Eurojet Futures // RHA Gallagher Gallery // Dublin
Bread ‘N’ Brown Sauce: A North Kilkenny Slave Sandwich (after Charles Brady)
This painting started the whole thing rolling. It was accepted for the Royal Hibernian Academy’s Annual Exhibition 2005. Two superior paintings were rejected. I think they let this one through the net because it had the required after a former RHA Member in brackets. Try it yourself it might work for you.
The title refers to an alleged incident in my home county where migrant farm workers were paid €2 a day. They were housed in cow sheds. For their lunch the workers were feed the Legendary Kilkenny Delicacy of bread garnished with brown sauce.
Joe Higgins TD agreed to give a small talk in front of the installation about labour practices in Ireland. Joe Higgins is an elected member of the Irish Parliament representing the Socialist Party. He is widely known as champion of social causes, which unfortunately translates as opposing the current governments policy. He is the main man responsible for bring the GAMA workers dispute to the attention of the Irish public.

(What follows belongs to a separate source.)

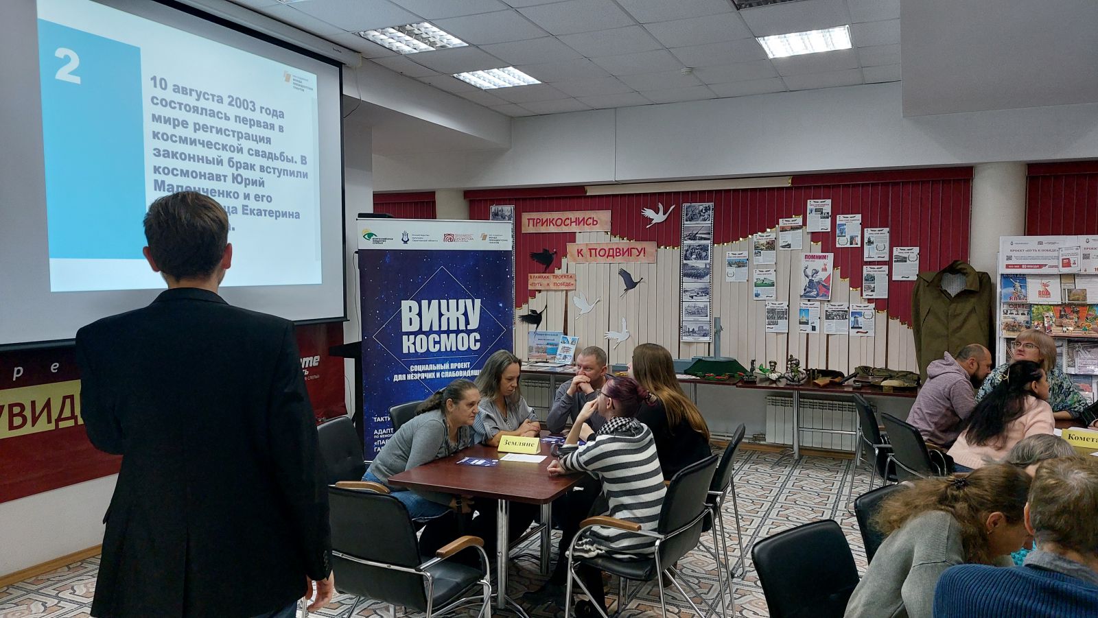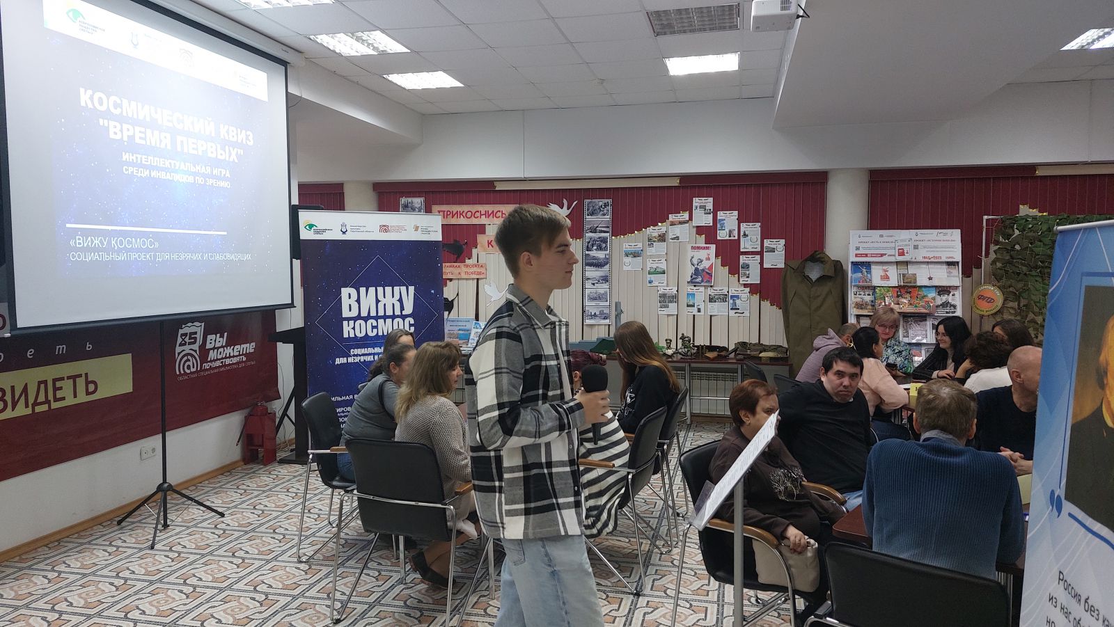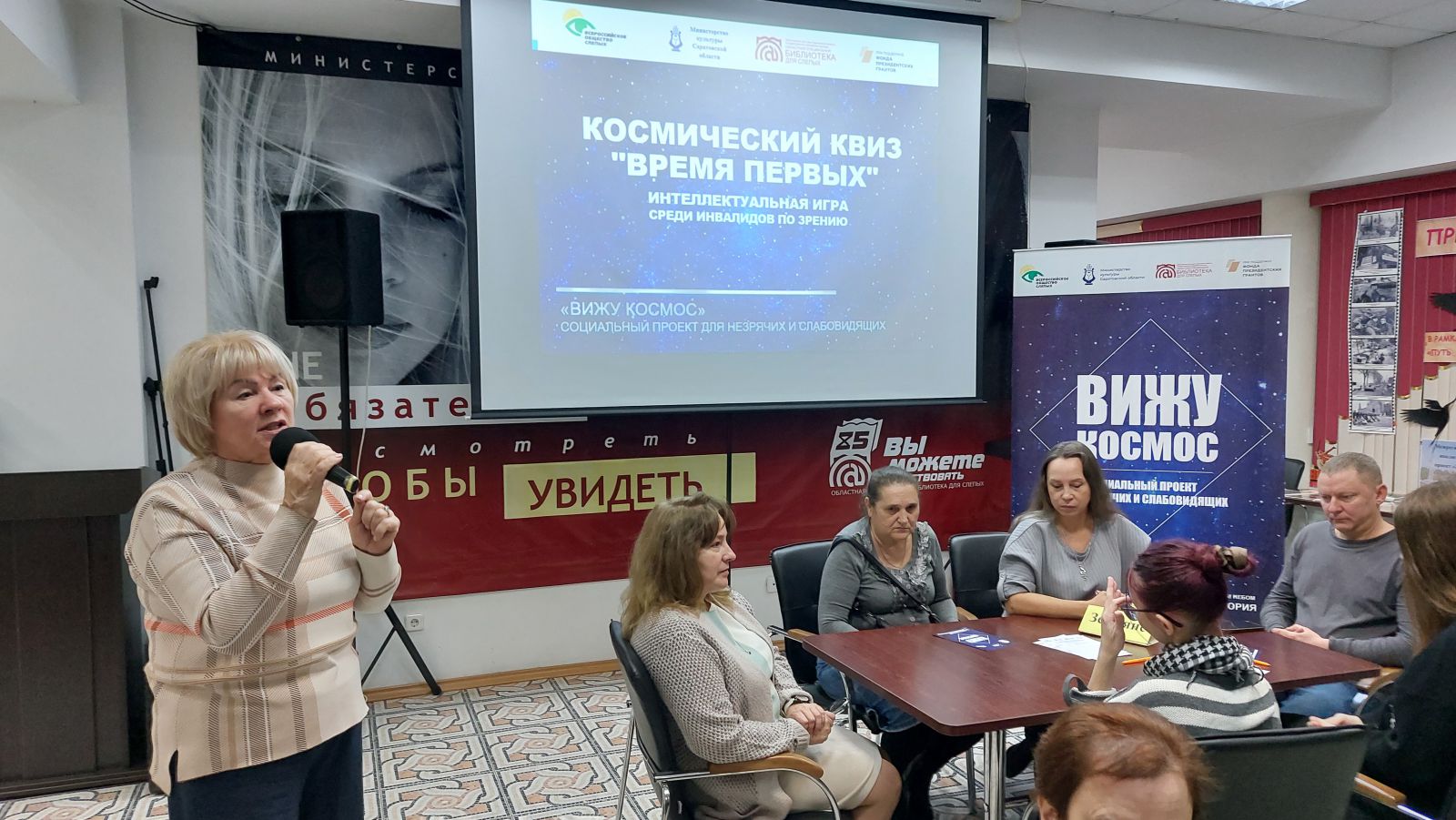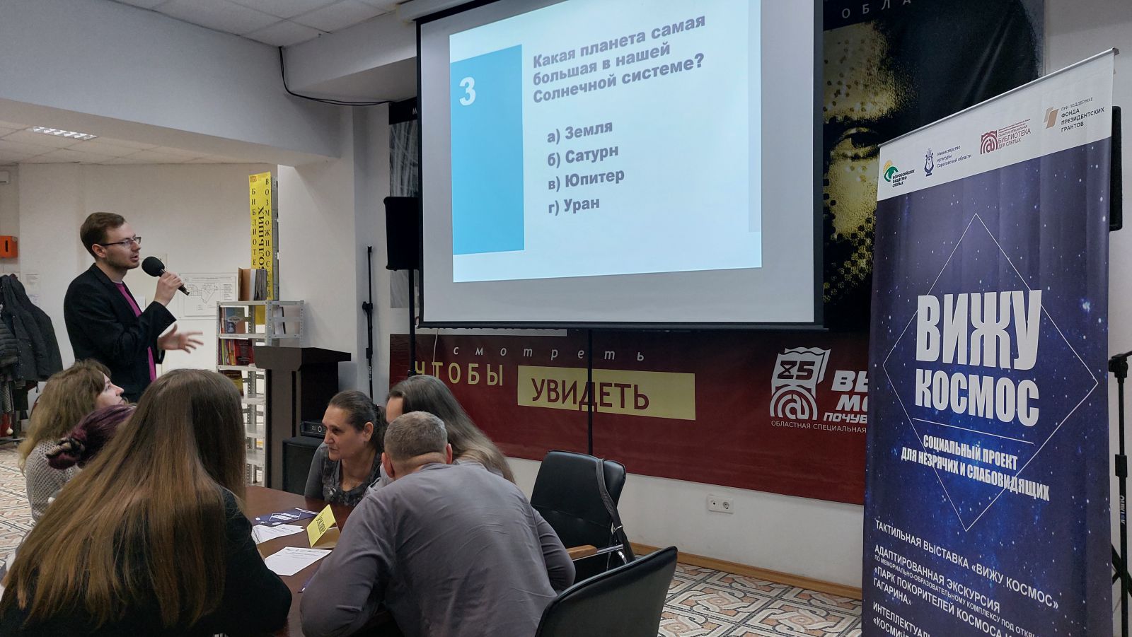 17 ноября в стенах ГУК «Областная специальная библиотека для слепых» царила атмосфера настоящего космического азарта! В рамках социального проекта для незрячих и слабовидящих «Вижу космос» при поддержке Фонда президентских грантов прошла увлекательная интеллектуальная игра под названием «Космический квиз "Время первых"», которая позволила участникам отправиться в захватывающее путешествие по просторам Вселенной, не покидая уютных залов библиотеки.

The GAMA Steak Sandwich was named after an exchange between Joe Higgins and Donal Lennehan (Fianna Fáil) in the Dáil . Joe Higgins was asking probing questions of the Government unrelated to the GAMA Workers dispute. Donal Lennehan decided a destructive witticism was called for. ‘Stick to the Kebabs Joe’ was what he heckled, in reference to the GAMA workers Turkish nationality. The usual consternation in the press was pedalled about the disgrace that such racist remarks were unacceptable and action needed to be taken. Ah God no, Donal’s not racist, he just blurted it out and didn’t mean it, was the official governments response and it seemed to settle matters.
Newer better copy was rolling off the press.
DOH! DOH! DOH! DOH! DOH!
Were to start? I wasn’t expecting any of this to happen.I recently made a painting called ‘Bread’n’Brown Sauce: A North Kilkenny Slave Sandwich’. It was shown in the R.H.A.’s Annual Exhibition. I sold it for €999.99, which makes me feel a little bit ethically dirty. But sure I need the dough to fund the habit (I sleep better when I tell myself that).
The painting stemmed from a recent incident in County Kilkenny. It was alleged that migrant workers were being paid €2 a day with hay barn accommodation thrown in for good measure. The 3 workers were sent out for a full days work in the fields with bread and brown sauce sandwiches for their nourishment.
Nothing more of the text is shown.